Czescy policjanci dotarli do zaginionej pary

Policjanci kryminalni z Czech otrzymali szczegółową informację od polskich służb na temat lokalizacji poszukiwanego małżeństwa. Międzynarodowa współpraca funkcjonariuszy doprowadziła do odnalezienia pary w Pradze, a dokładniej w jednym z najpopularniejszych parków Letenskie sady.

– Dla policji ważne było, w jakim są stanie zdrowia oraz czy wiedzą, że poszukuje ich polska policja. I że mają status zaginionych. Okazało się, że byli tego świadomi – tłumaczył w programie TVN płk. Ondrej Moravcik z Policji Republiki Czeskiej.

Stan psychiczny mężczyzny i kobiety nie wymagał udzielenia pomocy. Czescy policjanci nie dopytywali, jakie są ich następne plany. Małżeństwo było spokojnie i podjęło współpracę, udzielając służbom potrzebnych informacji. Po kontakcie z policją, Aneta i Adam nie mają już statusu zaginionych.
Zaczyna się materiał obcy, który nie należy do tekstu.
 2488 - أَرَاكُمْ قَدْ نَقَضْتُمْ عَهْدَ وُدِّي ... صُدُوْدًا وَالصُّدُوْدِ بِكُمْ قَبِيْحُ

Sprawę zaginięcia małżeństwa komentowano również w Czechach

Czeska prasa również przekazywała informacje w sprawie zaginięcia 44-letniej Anety i jej męża 49-letniego Adama. Najwięcej wiadomości pojawiało się głównie na dużych stronach internetowych i w czeskiej prasie.
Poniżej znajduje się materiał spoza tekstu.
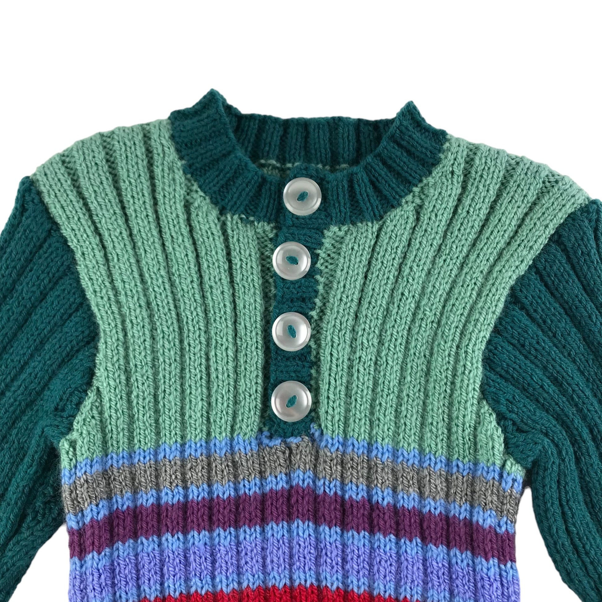- Description: Hand knitted stripy and panelled jumper with long sleeves, crew neck and buttons

–  Dużo osób pisało komentarze. Przeważały dwa rodzaje. Albo były to osoby, które przeżyły podobną sytuację jako dzieci 14-, 15-letnie. I te osoby pisały, że do końca życia mają traumę, z którą nie mogą sobie poradzić. Były też komentarze osób, które śmiały się z całej sytuacji – opowiada w programie "Uwaga!" TVN Anna Ruscak, mieszkanka Pragi.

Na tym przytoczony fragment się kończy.